Words About Music
Flying Lotus “You’re Dead!”
Flying Lotus is not the first musical artist to combine hip-hop and jazz. A Tribe Called Quest, The Roots, and J Dilla all beat him to the punch. But FlyLo is one of the most vital, creative, and connected producers in hip-hop culture. He’s the nephew of John and Alice Coltrane, two names any jazz fan should know, and with every album he delves further into that style. Flying Lotus effortlessly fuses hip-hop and jazz with electronic dance music, techno, IDM, and psychedelic music, and never has that been more evident than on this album. “You’re Dead!” is the fifth album from Flying Lotus, a.k.a Steven Ellison, and it presents a common theme much like all of his other albums. This album is presented in much the same format as his previous albums, using loosely related short songs to create what feels like one multi-faceted long-form composition. This is especially true on “You’re Dead!,” which features 19 songs and clocks in at about 39 minutes. It’s his shortest album since his 2006 debut, but FlyLo makes the absolute most of it. “You’re Dead!” is a beautiful psychological experience that really ties into Ellison’s jazz background.

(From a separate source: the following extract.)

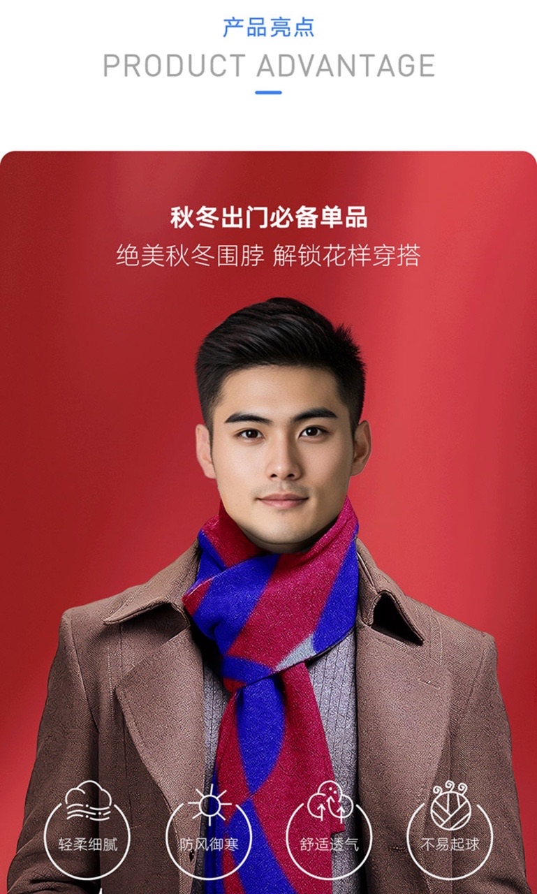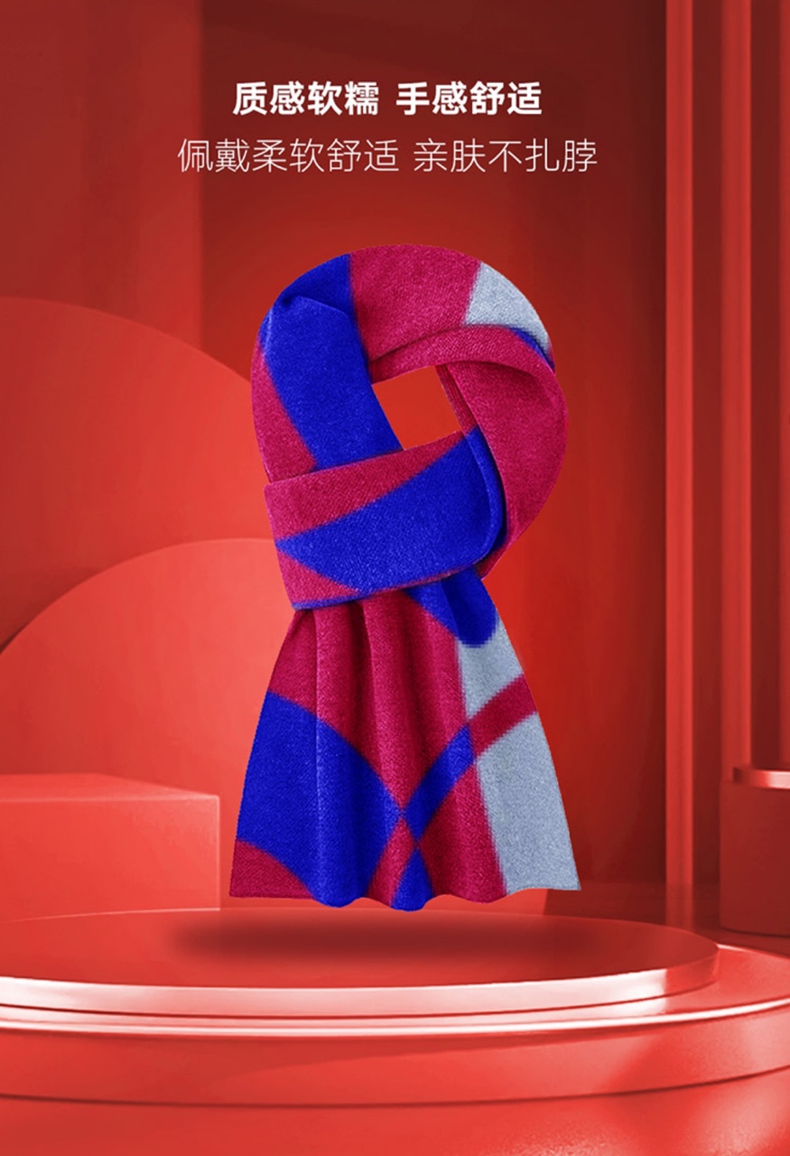 红与蓝羊毛围巾

One of the most notable aspects of this album is its impressive list of guest contributors. We’ve seen Flying Lotus work with Thom Yorke and Erykah Badu in the past, but “You’re Dead!” sports even bigger names. Featured on this album are jazz legend Herbie Hancock, Kendrick Lamar, Snoop Dogg, frequent collaborator Thundercat, and former Dirty Projectors vocalist Angel Deradoorian. This is also his first album since he debuted his DOOM-esque rap alter-ego Captain Murphy, who also makes a few appearances on this album. With the excitement of the big names, though, can come disappointment. Fortunately, it’s very rare that Flying Lotus disappoints on this album. If you don’t focus on the length of the tracks and let the album as a whole speak for itself, then “You’re Dead!” can be a moving and hypnotic experience.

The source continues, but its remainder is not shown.